I also have to bear in mind the points about availability urged on me by Alexion, which I have touched on already, but if, as I have found already, there is some objective need for expedition, then I think the matters urged on me by Alexion in relation to Dr. Stothers's availability cannot reasonably overcome that. It is a matter for advisers and their clients to have these sorts of things in mind, but the decisions about resources that were taken – and I criticise them in no way – mean that there were always going to be periods when Dr. Stothers was busy with two matters at once. Even had the trial been put in May 2025, for example, which is the time which Alexion says it would accommodate, there would still quite clearly have been times when Dr. Stothers was going to have to work on multiple cases at once, for example, when the evidence was being put together.
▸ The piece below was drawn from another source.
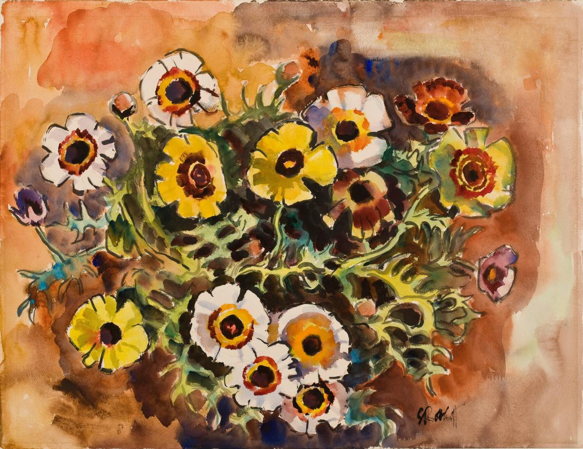 Not on viewSchmidt-Rottluff was a founder of the artist group Die Brücke, which was closely associated with the development of Expressionism. Other members included Kirchner and Pechstein, whose works are also featured in this exhibition. The influence of artists such as Van Gogh, Matisse, and the group known as the Fauves can be seen in this work, while the intense color and free composition, in which the flowers seem to spring from nowhere, is characteristic of the artist's later period. Schmidt-Rottluff's work was eventually deemed "degenerate" by the Nazis and his pieces were seized from German museums and galleries.

I think that in the right case, availability of a key solicitor could be just as important as the availability of counsel, but the matters put before me on this application do not rise to anywhere near that level and so, whilst I understand the reasons that have been put forward and they are no doubt genuinely put forward, I do not think they attract any real weight in the circumstances of this case.

So I would be willing to direct expedition for the reasons given which revolve really about the need for commercial certainty as regards the UK market. The UPC proceedings are a secondary consideration in my view, both on the facts of this case and as the authorities indicate, but they provide some modest support for my decision. It may be that the UPC, if there is a trial, let us say, in the summer of next year when a decision has come from the UK, would be assisted by it, but it cannot be a major factor because, in the absence of an injunction gap, the UPC would be able to make its own decision with regard to all the issues anyway.

So I draw some support for my decision from the UPC proceedings, but they are not necessary to it and my decision primarily is based on the situation within the UK.

So I will direct that this trial should be expedited to be heard at a time no earlier than mid-February 2025. That does not mean it will be in February because there will be some need for Listing to work out the best time having regard to the available resources in the Patents Court, but it could be as early as then if that is appropriate, and I will indicate that earlier is better than later.

So that is my conclusion. I will expedite the trial for the nine days indicated to a time no earlier than mid-February 2025.